DATA:
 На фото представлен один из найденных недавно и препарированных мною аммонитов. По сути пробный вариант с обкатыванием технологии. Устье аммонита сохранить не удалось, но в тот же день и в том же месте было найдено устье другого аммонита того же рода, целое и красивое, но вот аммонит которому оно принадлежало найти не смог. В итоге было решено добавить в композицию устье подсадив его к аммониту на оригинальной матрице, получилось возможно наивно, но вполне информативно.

==

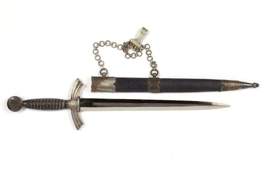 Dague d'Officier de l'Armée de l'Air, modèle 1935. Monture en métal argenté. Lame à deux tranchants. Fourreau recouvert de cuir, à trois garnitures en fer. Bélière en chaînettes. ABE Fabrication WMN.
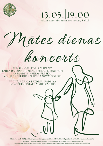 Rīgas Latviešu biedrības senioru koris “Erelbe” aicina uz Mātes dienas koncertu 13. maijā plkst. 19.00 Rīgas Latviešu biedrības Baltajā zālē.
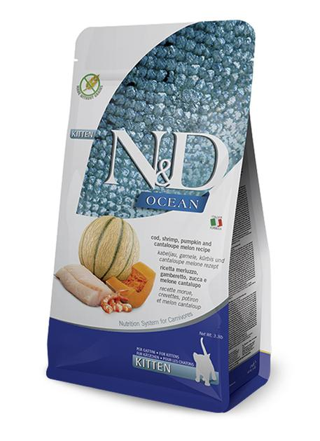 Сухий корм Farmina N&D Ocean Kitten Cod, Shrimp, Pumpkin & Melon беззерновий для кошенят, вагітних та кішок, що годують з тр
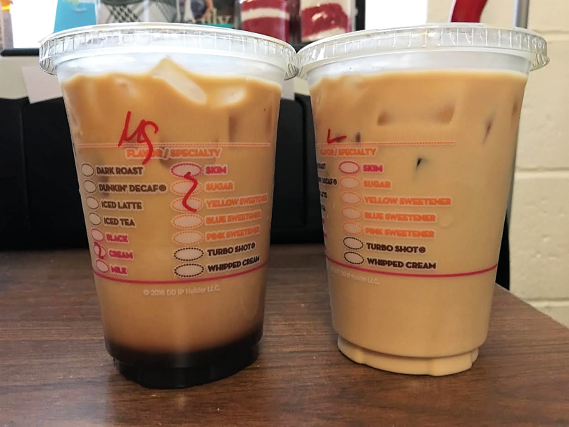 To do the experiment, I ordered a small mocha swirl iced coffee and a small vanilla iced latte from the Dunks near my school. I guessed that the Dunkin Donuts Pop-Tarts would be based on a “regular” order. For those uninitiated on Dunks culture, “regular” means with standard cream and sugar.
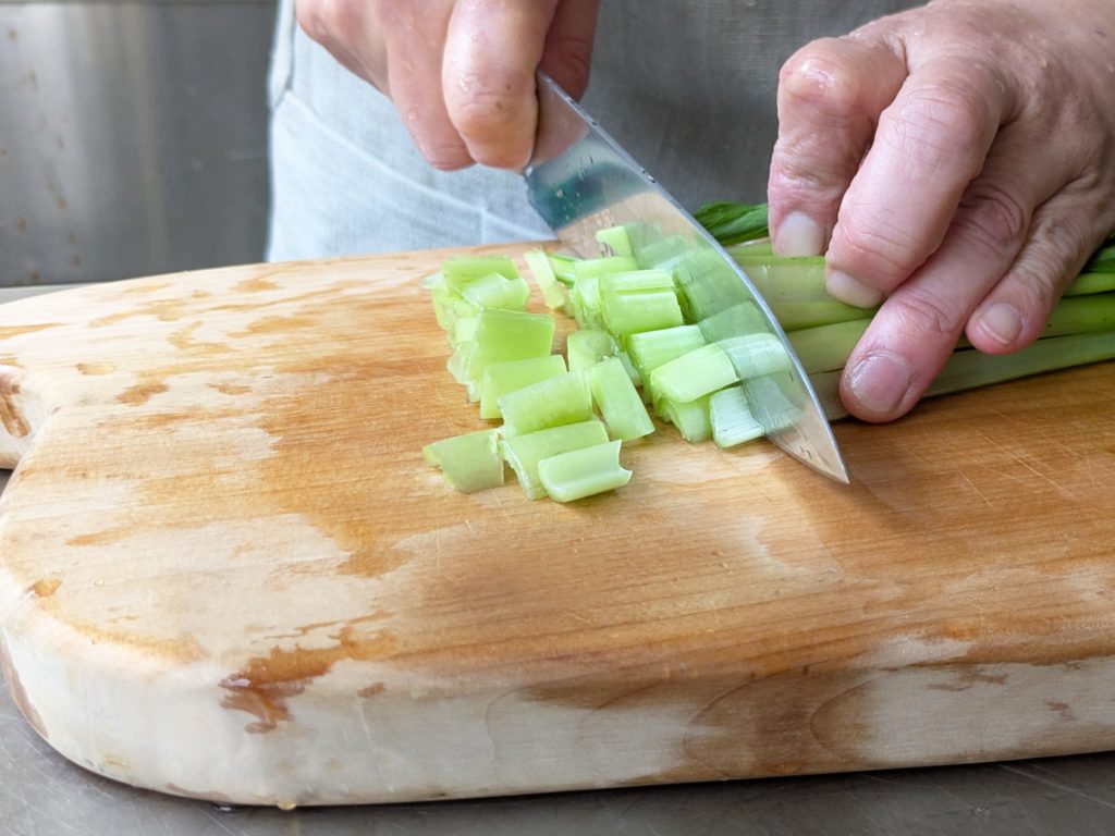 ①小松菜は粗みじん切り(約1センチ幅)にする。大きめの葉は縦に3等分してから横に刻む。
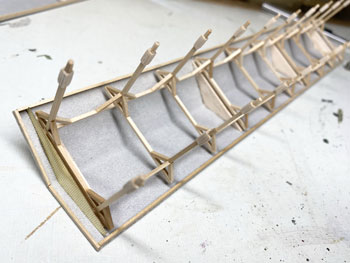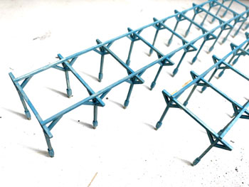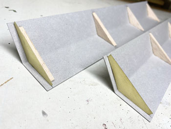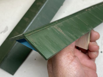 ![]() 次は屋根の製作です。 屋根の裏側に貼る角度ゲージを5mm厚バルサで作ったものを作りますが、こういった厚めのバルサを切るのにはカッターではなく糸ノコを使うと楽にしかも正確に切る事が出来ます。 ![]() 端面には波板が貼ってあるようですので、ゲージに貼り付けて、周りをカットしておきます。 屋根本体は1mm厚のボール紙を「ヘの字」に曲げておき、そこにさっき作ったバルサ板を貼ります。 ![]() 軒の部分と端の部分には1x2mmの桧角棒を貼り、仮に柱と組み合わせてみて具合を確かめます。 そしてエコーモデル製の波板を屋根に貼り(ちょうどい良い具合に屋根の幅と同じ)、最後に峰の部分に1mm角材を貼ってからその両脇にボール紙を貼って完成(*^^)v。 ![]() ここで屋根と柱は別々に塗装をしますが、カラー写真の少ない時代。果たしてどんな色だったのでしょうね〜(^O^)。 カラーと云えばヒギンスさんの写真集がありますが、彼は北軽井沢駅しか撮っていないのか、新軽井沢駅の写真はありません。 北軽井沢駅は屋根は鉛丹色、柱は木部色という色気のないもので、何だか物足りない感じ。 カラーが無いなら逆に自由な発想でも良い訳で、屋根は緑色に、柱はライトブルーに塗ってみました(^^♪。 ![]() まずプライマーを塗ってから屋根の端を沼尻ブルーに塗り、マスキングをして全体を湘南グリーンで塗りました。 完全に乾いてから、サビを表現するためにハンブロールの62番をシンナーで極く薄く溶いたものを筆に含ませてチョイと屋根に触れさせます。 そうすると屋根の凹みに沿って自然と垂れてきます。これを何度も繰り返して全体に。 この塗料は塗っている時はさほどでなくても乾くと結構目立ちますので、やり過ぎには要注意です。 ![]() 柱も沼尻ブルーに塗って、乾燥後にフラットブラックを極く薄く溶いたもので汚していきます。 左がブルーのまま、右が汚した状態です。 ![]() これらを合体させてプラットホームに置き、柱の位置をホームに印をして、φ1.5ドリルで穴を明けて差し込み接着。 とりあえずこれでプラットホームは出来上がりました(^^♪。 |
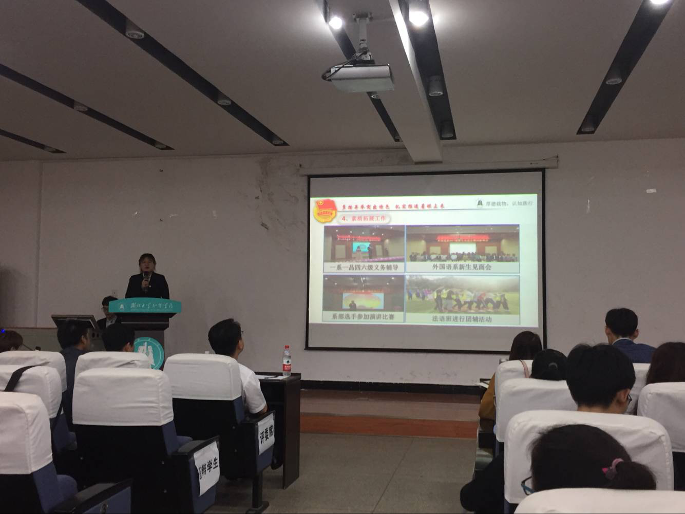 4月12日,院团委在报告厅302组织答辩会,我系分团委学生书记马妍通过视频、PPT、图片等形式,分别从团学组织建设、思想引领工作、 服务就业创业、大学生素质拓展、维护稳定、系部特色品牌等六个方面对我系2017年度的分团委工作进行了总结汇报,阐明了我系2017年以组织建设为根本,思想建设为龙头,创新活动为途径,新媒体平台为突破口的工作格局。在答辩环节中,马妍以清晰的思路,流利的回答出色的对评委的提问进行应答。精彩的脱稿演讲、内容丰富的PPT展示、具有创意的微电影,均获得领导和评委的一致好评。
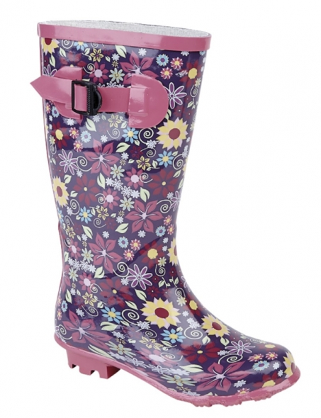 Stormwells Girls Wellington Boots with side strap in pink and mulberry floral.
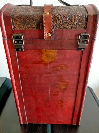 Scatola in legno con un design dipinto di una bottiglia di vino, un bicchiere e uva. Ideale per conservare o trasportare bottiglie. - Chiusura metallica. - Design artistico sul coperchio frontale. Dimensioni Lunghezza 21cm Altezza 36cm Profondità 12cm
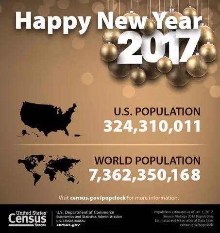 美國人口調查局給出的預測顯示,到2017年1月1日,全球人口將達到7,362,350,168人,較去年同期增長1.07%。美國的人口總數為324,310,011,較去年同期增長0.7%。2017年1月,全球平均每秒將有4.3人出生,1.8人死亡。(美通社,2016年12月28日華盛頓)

* * *

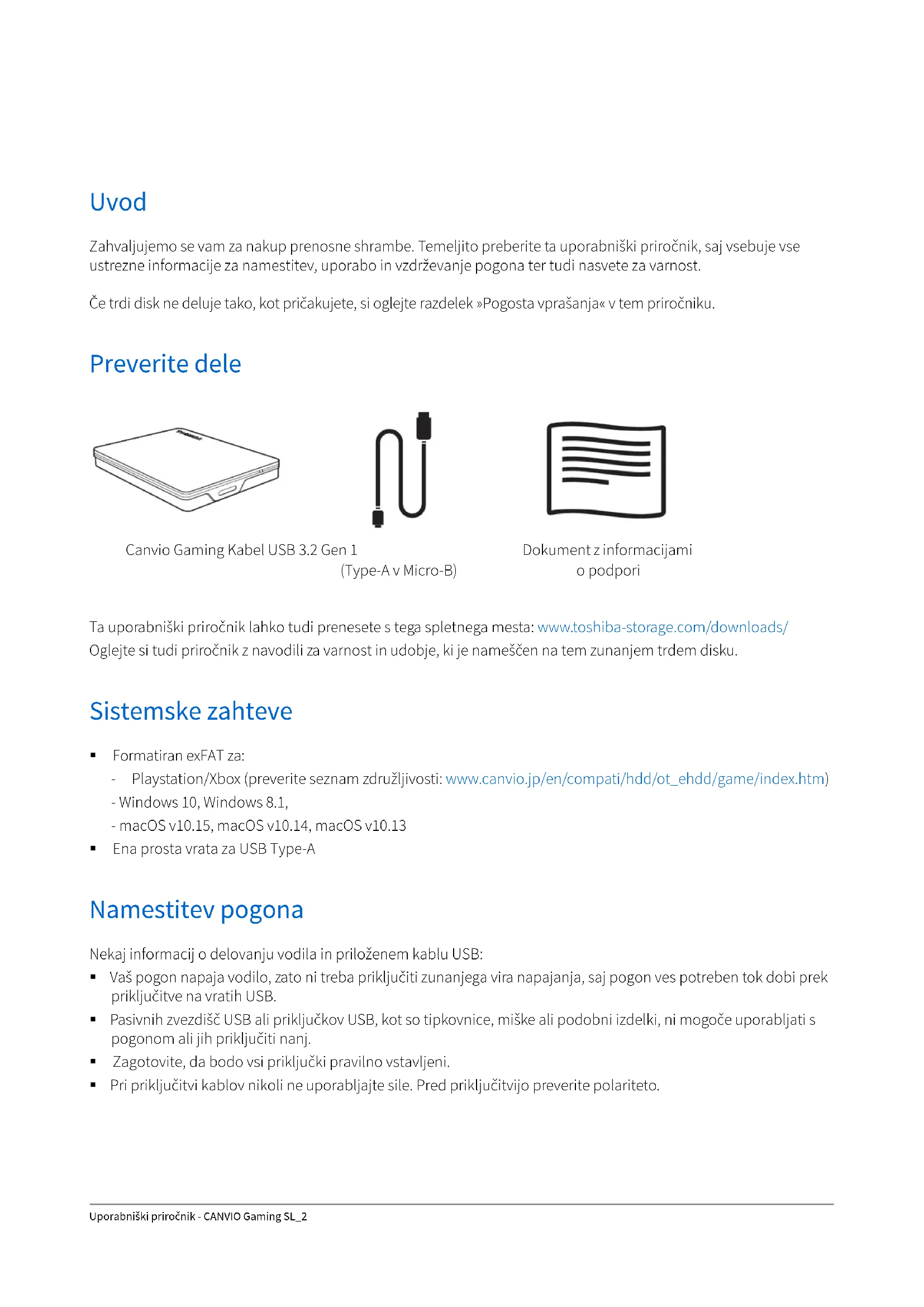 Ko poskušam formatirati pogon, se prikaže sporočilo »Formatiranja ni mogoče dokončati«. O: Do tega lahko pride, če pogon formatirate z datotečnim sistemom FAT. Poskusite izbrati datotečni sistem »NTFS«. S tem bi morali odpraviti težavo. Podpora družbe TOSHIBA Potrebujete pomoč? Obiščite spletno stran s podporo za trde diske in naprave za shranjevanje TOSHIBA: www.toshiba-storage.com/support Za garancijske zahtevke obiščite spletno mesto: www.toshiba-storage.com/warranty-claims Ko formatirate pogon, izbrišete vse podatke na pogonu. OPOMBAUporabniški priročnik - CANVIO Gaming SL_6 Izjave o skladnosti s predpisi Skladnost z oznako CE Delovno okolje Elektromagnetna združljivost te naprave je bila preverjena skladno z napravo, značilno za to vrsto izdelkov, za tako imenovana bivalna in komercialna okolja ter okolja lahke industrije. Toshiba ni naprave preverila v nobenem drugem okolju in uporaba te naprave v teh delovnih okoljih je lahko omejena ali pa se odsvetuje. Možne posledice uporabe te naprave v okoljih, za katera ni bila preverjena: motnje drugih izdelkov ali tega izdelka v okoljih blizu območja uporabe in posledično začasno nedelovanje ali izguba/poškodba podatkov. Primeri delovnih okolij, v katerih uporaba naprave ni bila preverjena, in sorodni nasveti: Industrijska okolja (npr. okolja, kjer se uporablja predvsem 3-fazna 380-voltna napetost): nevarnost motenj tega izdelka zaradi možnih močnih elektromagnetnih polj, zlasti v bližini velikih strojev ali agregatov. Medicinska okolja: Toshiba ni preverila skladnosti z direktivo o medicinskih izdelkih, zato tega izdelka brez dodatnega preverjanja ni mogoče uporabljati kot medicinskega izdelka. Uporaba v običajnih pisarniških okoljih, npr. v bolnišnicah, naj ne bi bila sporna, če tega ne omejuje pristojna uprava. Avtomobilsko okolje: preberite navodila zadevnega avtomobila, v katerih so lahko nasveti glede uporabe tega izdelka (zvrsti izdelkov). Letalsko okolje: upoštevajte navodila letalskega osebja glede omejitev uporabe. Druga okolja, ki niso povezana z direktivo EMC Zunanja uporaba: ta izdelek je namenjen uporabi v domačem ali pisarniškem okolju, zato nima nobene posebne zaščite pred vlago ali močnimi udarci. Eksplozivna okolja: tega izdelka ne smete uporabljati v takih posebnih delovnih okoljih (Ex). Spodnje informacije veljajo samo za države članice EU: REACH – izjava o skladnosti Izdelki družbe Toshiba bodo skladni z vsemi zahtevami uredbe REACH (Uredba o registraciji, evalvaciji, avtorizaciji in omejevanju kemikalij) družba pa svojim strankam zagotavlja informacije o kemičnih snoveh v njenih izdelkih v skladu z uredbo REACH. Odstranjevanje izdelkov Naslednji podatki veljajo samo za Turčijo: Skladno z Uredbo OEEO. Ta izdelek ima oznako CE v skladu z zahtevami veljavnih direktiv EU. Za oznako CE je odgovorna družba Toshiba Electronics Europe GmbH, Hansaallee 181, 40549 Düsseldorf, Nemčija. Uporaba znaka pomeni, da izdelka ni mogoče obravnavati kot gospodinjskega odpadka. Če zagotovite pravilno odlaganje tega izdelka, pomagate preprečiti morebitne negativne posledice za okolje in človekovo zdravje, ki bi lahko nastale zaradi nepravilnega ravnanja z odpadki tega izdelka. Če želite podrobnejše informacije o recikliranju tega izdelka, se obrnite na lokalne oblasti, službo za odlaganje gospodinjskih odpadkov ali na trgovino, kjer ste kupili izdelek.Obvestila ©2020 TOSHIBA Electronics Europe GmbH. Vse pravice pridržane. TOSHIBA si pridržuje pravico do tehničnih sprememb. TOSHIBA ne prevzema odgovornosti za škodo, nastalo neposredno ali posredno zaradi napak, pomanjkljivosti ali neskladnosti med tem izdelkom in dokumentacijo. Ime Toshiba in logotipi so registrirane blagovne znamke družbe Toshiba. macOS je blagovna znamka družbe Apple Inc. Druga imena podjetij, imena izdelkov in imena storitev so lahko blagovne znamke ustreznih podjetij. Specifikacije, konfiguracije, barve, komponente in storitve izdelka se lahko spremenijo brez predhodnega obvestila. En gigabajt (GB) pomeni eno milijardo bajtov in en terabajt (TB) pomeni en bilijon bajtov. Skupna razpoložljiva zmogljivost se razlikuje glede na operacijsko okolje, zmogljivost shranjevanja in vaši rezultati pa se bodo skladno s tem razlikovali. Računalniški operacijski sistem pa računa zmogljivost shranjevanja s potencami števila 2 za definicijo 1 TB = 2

WORK INSTRUCTION: Transcribe, word for word, the lines of the listing above from the one that contains "To do the experiment, I" through the one that contains "①小松菜は粗みじん切り(約1", keeping both ends and dropping the pictures.

ANSWER BOX:
 To do the experiment, I ordered a small mocha swirl iced coffee and a small vanilla iced latte from the Dunks near my school. I guessed that the Dunkin Donuts Pop-Tarts would be based on a “regular” order. For those uninitiated on Dunks culture, “regular” means with standard cream and sugar.
 ①小松菜は粗みじん切り(約1センチ幅)にする。大きめの葉は縦に3等分してから横に刻む。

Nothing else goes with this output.